Tokyo Olympics on track but can’t afford a false start

By Chen Yang

Amid fast spread of the coronavirus disease around the world, there are growing concerns about whether the Tokyo Olympic Games can kick off as scheduled. Currently, the Japanese government has repeatedly insisted that the Olympics will go ahead, and it is still preparing to host the event.
This is in line with Japanese Prime Minister Shinzo Abe’s recent diplomatic activities. From Friday to Sunday, Abe held calls with US President Donald Trump, French President Emmanuel Macron, and British Prime Minister Boris Johnson. In addition to emphasizing measures against the coronavirus, they also agreed that their countries will work together to ensure that the Tokyo Olympics will be held as planned.
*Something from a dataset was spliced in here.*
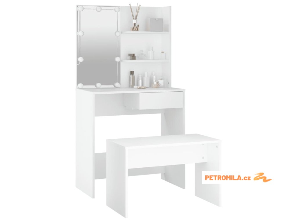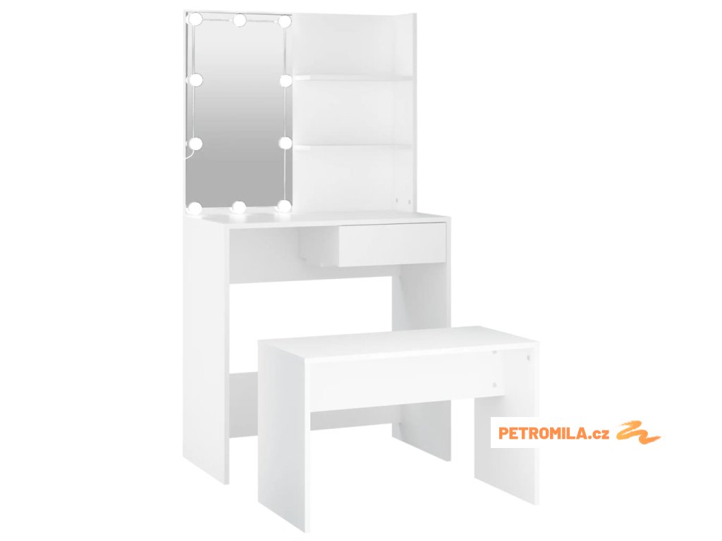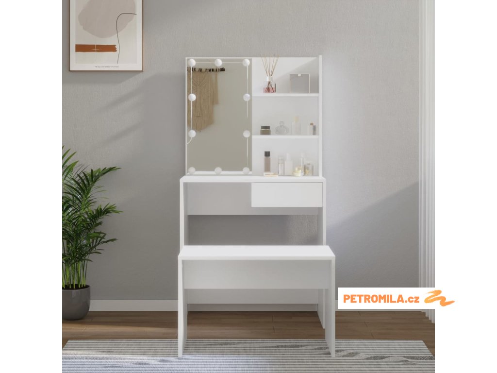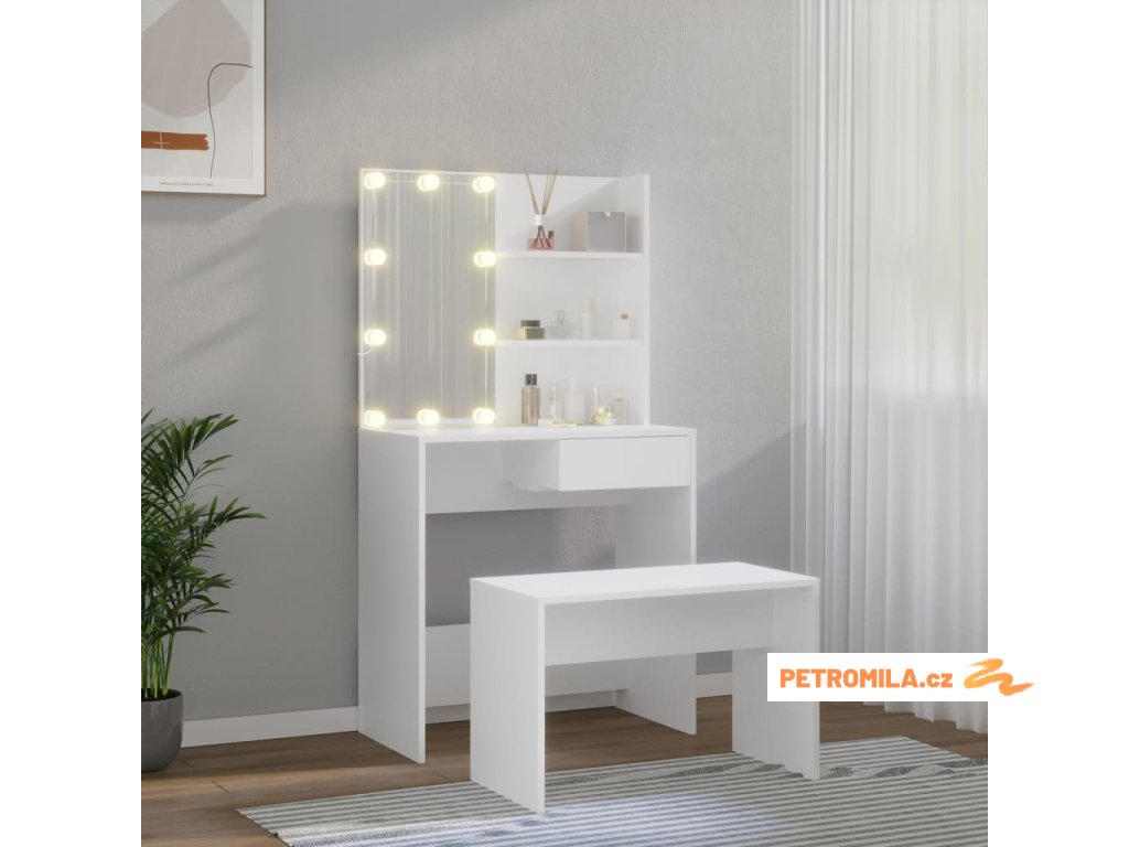 Tento moderní toaletní stolek s příslušenstvím dodá vaší ložnici nadčasový, rafinovaný vzhled. Set toaletního stolku s LED je skvělým doplňkem do vaší ložnice a zároveň s ním budete mít kosmetiku hezky po ruce!

It is not clear which side first brought up the sporting event in their talks, but Abe has sent a signal to Japan and the rest of world that the Olympics remain on track, and a high priority.
The Olympics are significant for host countries, but it could mean much more for Japan. It is 56 years since Tokyo held the Games for the first time. Then, Japan, under reconstruction after being vanquished in the WWII, declared its reappearance on the world stage by holding the mass event.
Today, Japan is the world’s third-largest economy, but it is also suffering from sluggish economic growth, low fertility, an aging population, and political chaos. Hence, the Olympics could be a crucial opportunity for Japan to demonstrate its vitality in the Reiwa era. Equally, postponing or canceling the event would be unthinkable to Japan, and the country’s preparations are continuing as normal.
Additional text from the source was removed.